▸ Records
%%

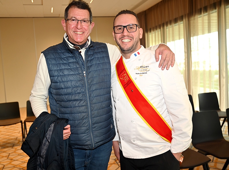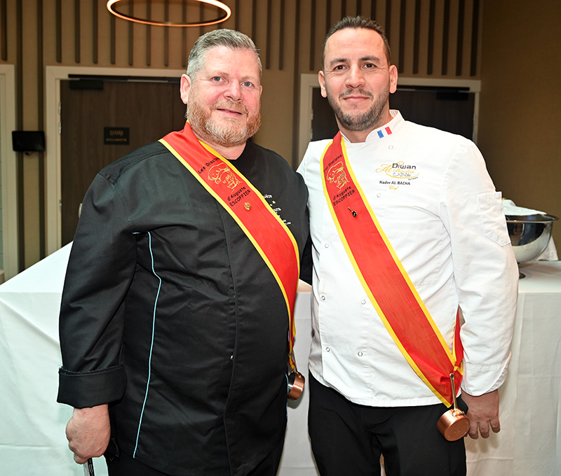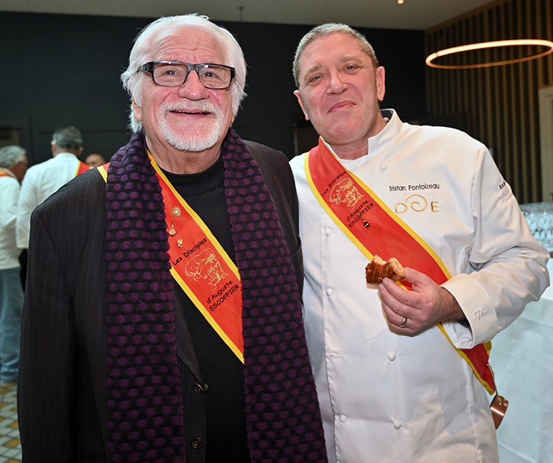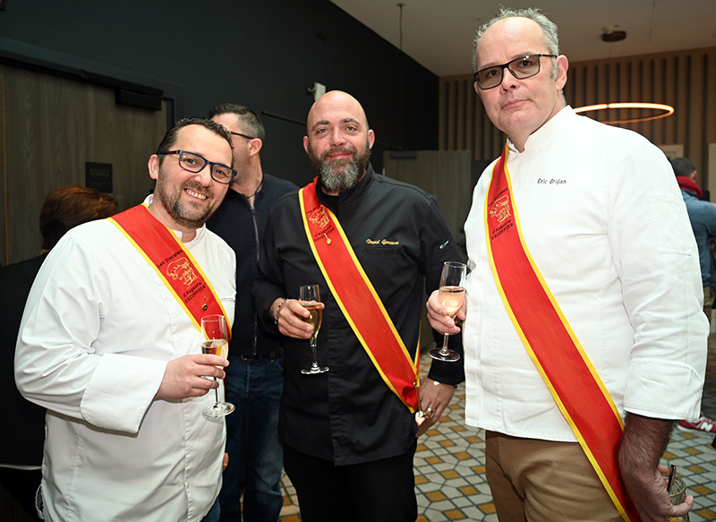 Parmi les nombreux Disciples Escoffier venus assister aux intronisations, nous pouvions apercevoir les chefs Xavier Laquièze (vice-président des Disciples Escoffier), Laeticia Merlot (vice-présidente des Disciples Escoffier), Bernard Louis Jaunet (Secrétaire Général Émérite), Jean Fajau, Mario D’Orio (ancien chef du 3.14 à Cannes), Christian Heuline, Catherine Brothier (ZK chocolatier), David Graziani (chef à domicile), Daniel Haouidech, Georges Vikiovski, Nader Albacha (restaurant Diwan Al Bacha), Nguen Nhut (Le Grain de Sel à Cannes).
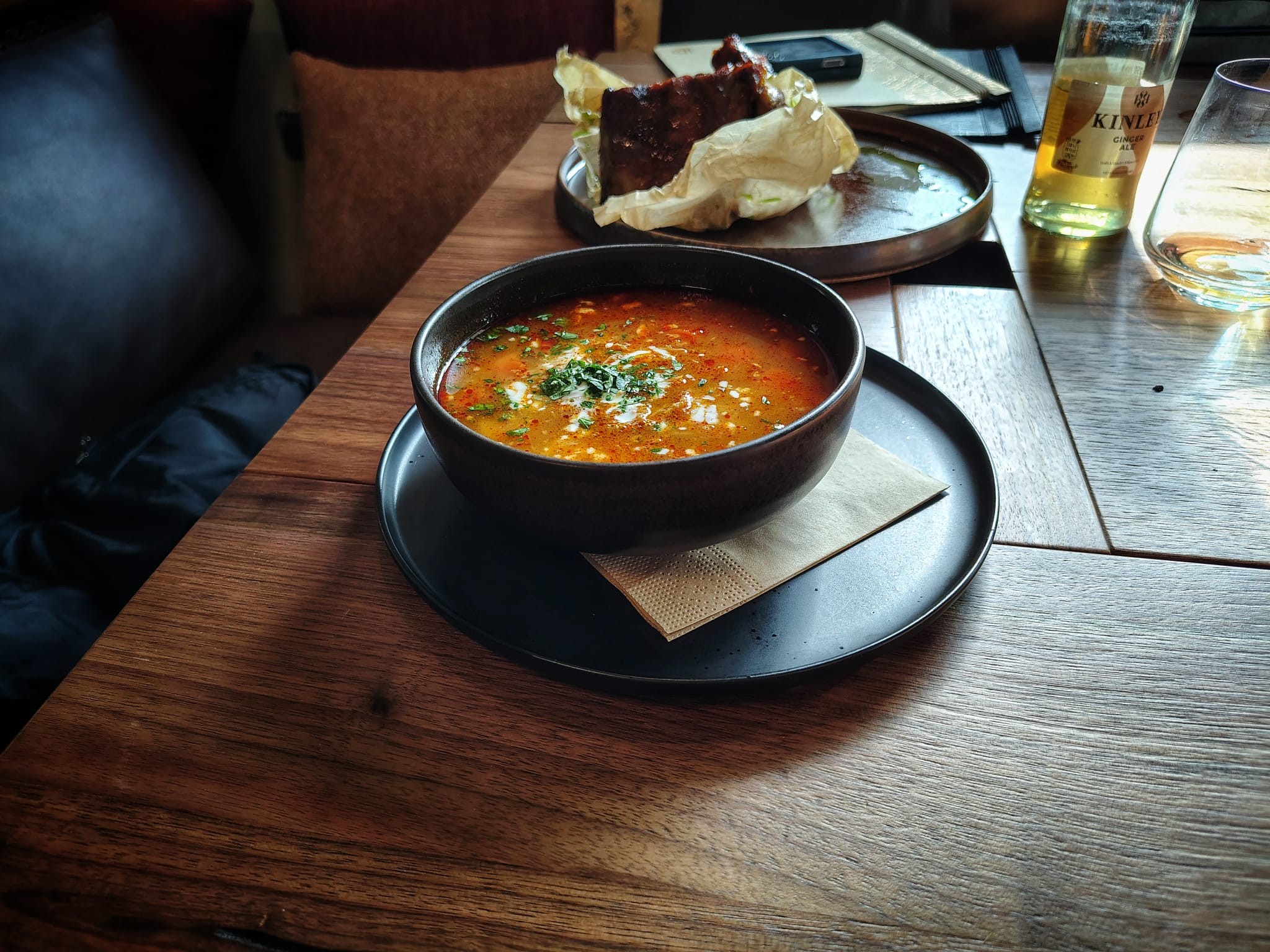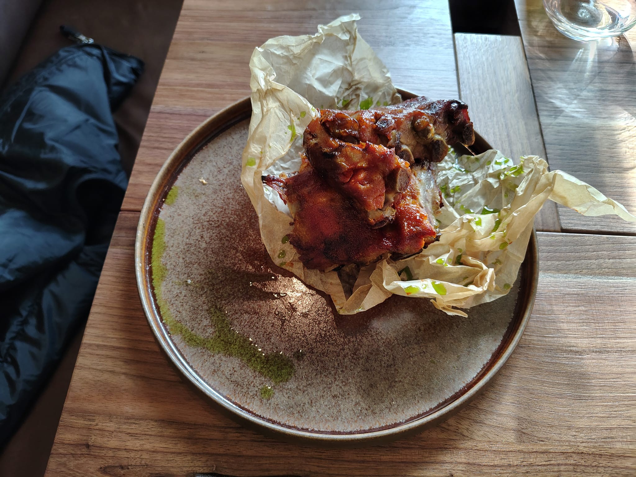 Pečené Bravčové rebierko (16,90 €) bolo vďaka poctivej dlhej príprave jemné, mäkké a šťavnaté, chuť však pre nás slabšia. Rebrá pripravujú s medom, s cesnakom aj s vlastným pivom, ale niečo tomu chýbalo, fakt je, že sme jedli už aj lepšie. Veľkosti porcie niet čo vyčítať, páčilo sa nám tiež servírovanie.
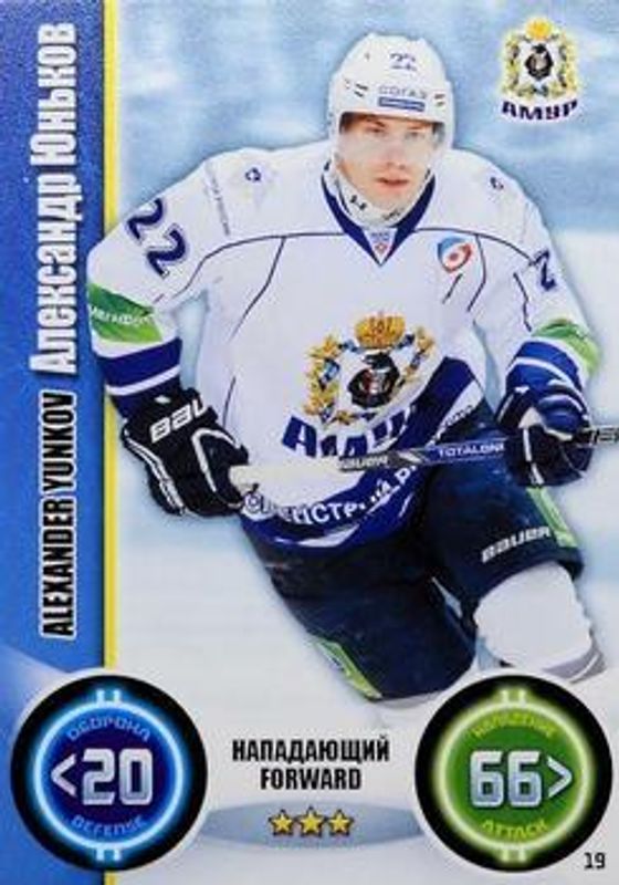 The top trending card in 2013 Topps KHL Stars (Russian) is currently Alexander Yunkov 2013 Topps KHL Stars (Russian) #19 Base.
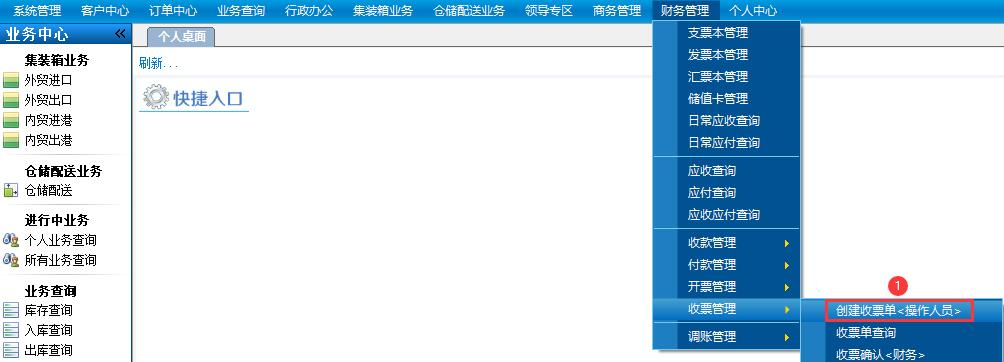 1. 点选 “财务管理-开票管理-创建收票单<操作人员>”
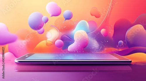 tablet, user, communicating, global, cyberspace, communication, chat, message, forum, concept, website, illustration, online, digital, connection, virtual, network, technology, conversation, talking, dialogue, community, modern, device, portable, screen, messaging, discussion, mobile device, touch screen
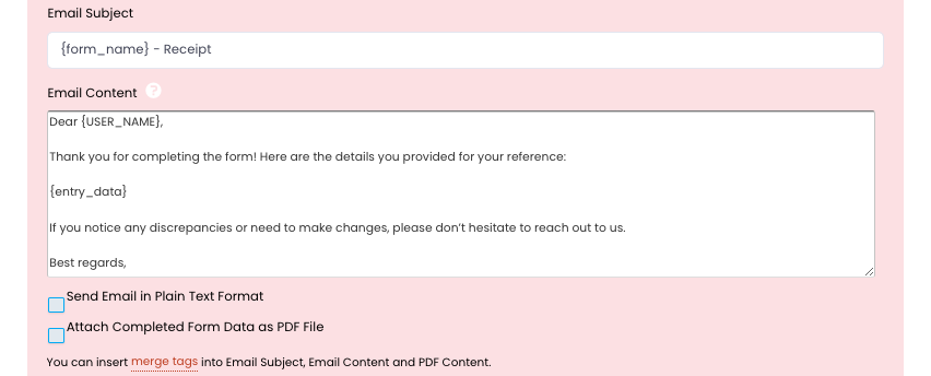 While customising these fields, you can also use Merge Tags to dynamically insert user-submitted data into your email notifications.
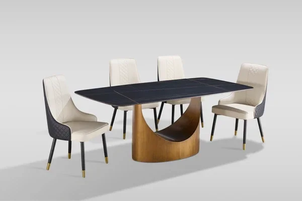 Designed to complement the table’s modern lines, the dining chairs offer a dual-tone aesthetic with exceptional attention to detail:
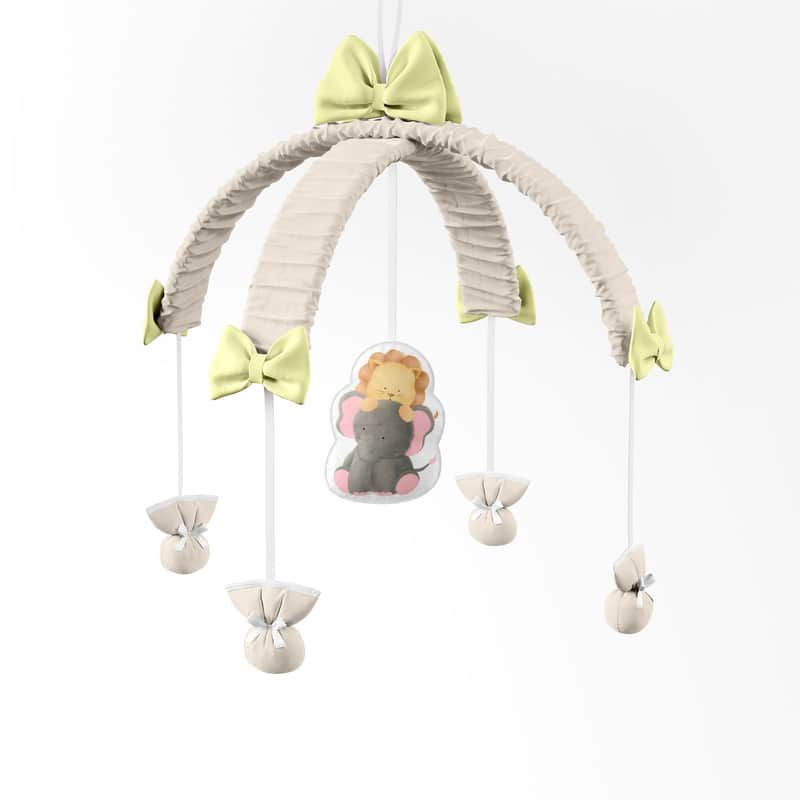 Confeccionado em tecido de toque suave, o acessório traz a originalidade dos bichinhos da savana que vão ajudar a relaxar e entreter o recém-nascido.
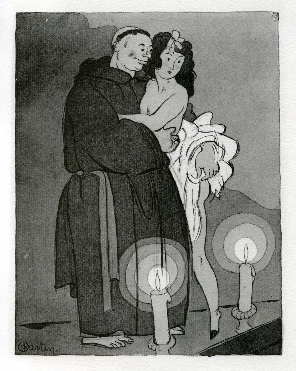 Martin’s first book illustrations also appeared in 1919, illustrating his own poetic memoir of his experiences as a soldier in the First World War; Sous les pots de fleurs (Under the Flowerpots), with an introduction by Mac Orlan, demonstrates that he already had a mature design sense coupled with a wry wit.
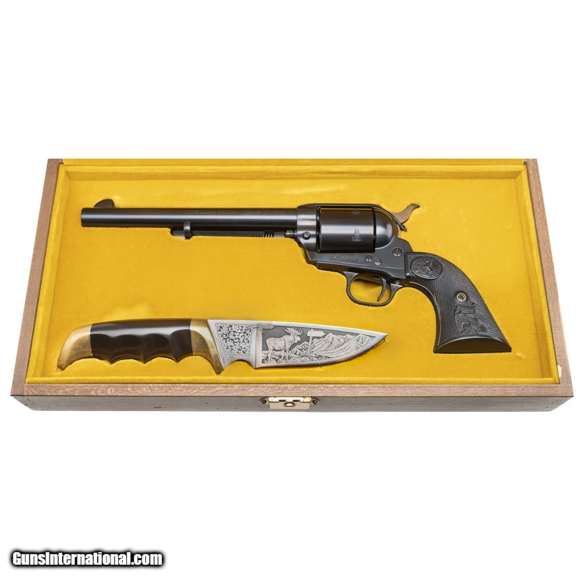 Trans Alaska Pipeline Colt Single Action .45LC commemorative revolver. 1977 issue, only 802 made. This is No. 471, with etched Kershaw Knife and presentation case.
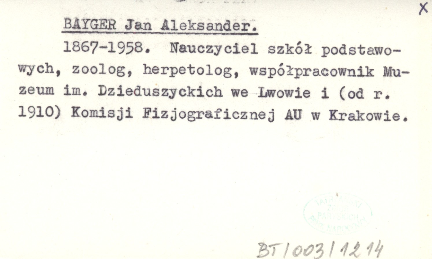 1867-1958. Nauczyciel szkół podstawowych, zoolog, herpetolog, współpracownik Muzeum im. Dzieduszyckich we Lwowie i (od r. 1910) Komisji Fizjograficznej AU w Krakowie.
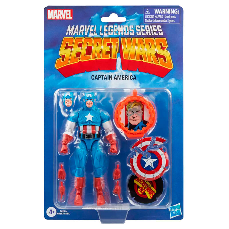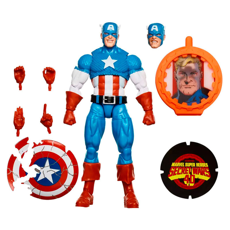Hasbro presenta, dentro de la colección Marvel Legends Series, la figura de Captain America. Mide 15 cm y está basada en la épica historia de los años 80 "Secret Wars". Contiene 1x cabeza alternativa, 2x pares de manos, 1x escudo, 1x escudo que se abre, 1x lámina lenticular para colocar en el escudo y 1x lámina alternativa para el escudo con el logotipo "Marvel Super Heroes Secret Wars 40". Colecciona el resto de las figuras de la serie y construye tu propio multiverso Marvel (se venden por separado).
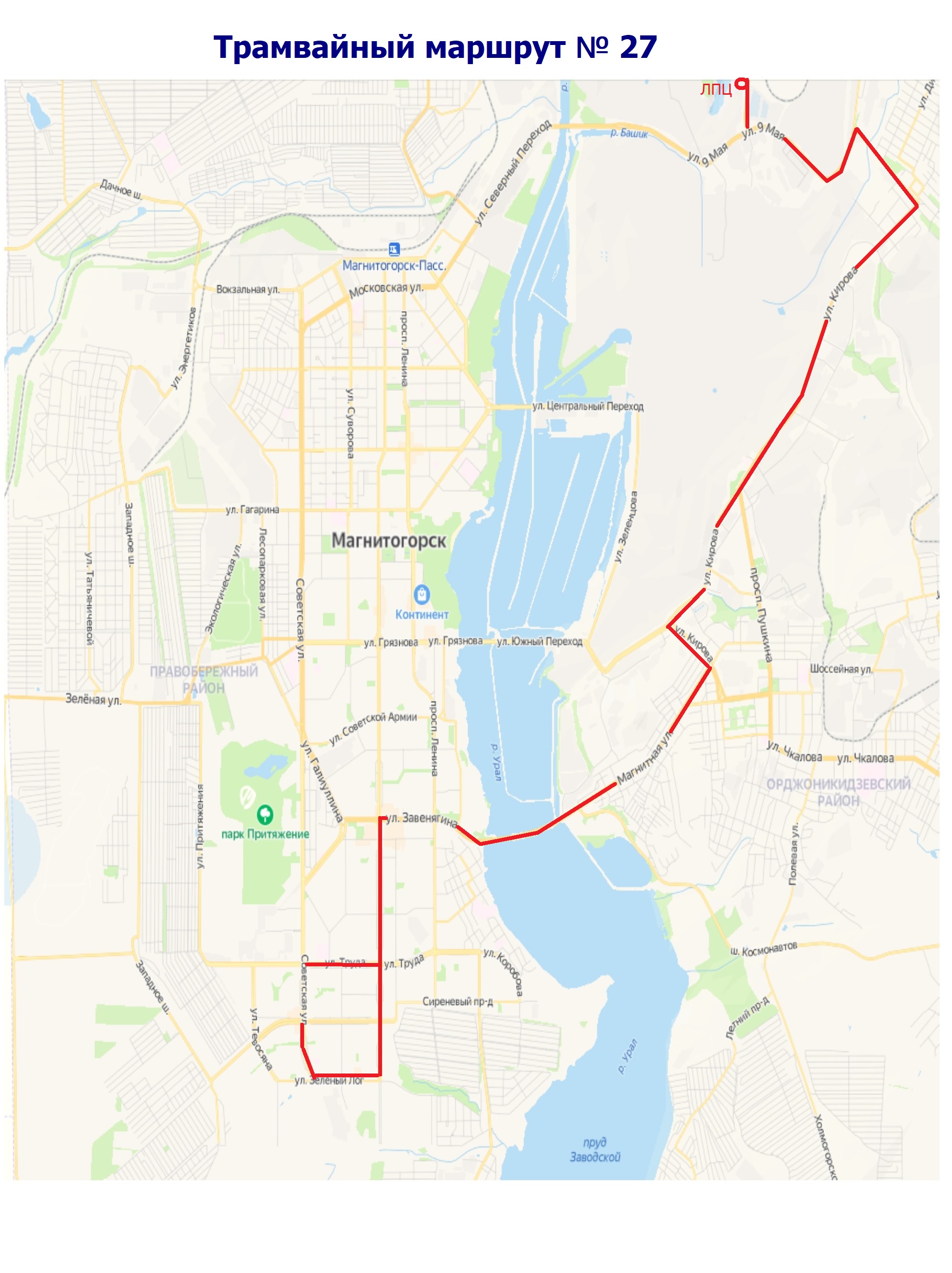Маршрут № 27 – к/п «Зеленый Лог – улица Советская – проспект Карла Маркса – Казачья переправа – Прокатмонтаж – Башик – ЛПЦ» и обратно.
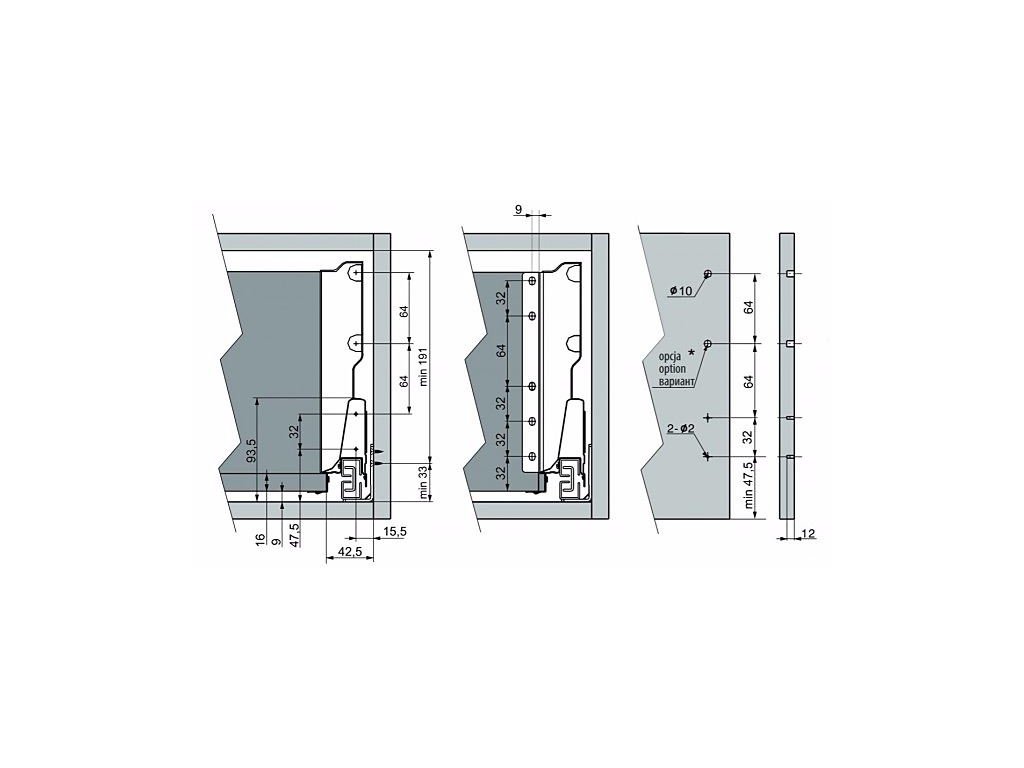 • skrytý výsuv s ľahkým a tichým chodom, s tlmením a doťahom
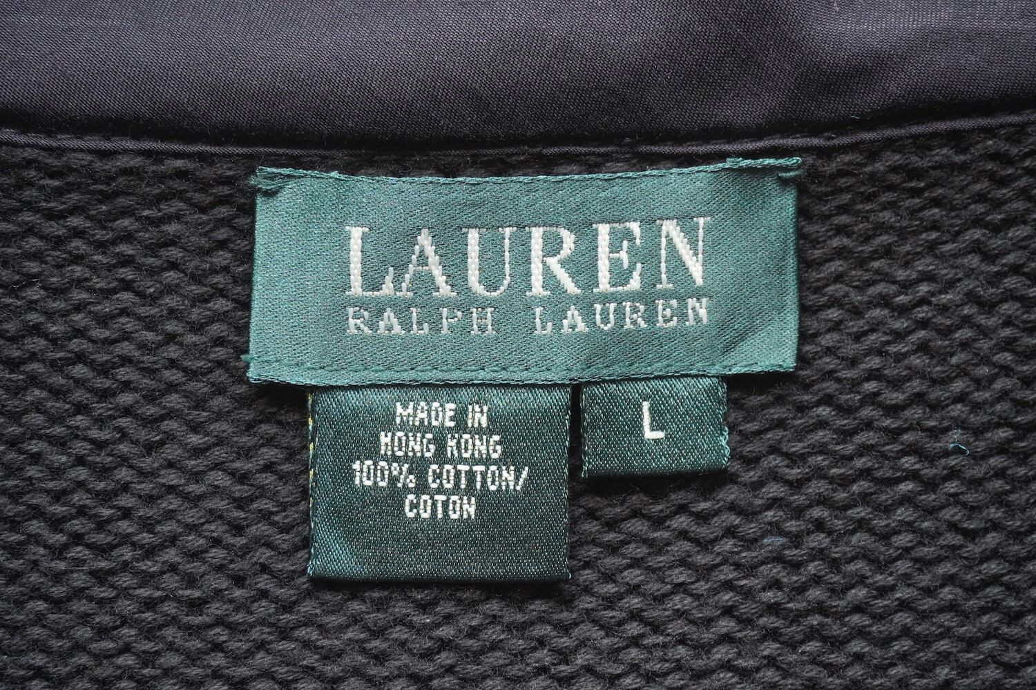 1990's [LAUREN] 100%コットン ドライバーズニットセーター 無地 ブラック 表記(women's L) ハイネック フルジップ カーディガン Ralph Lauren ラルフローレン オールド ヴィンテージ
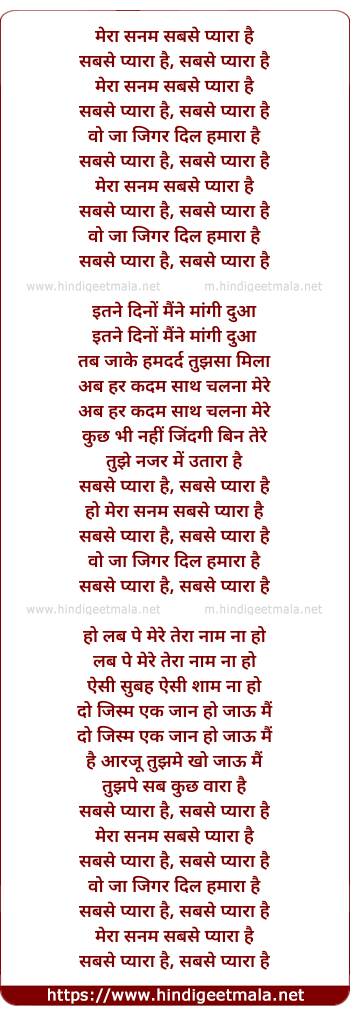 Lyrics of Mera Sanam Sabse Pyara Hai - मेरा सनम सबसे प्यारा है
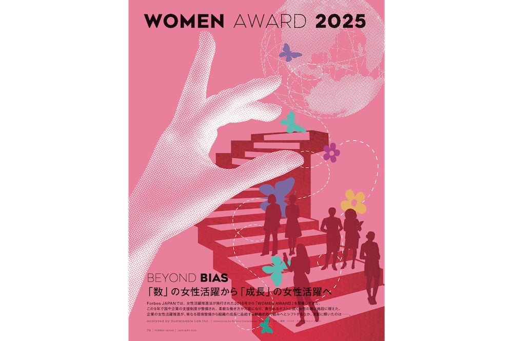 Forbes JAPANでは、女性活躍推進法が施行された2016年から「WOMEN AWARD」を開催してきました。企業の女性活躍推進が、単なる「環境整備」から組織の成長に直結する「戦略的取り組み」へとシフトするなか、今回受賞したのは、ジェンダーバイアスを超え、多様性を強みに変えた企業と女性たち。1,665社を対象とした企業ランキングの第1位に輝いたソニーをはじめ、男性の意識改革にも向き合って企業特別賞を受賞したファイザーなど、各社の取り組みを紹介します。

%%

▸ Your task
In the listing above, find the line with "Trans Alaska Pipeline" and output it and every line after it up to and including the line with "1867-1958. Nauczyciel szkół", exactly, minus the pictures.

▸ Task answer
 Trans Alaska Pipeline Colt Single Action .45LC commemorative revolver. 1977 issue, only 802 made. This is No. 471, with etched Kershaw Knife and presentation case.
 1867-1958. Nauczyciel szkół podstawowych, zoolog, herpetolog, współpracownik Muzeum im. Dzieduszyckich we Lwowie i (od r. 1910) Komisji Fizjograficznej AU w Krakowie.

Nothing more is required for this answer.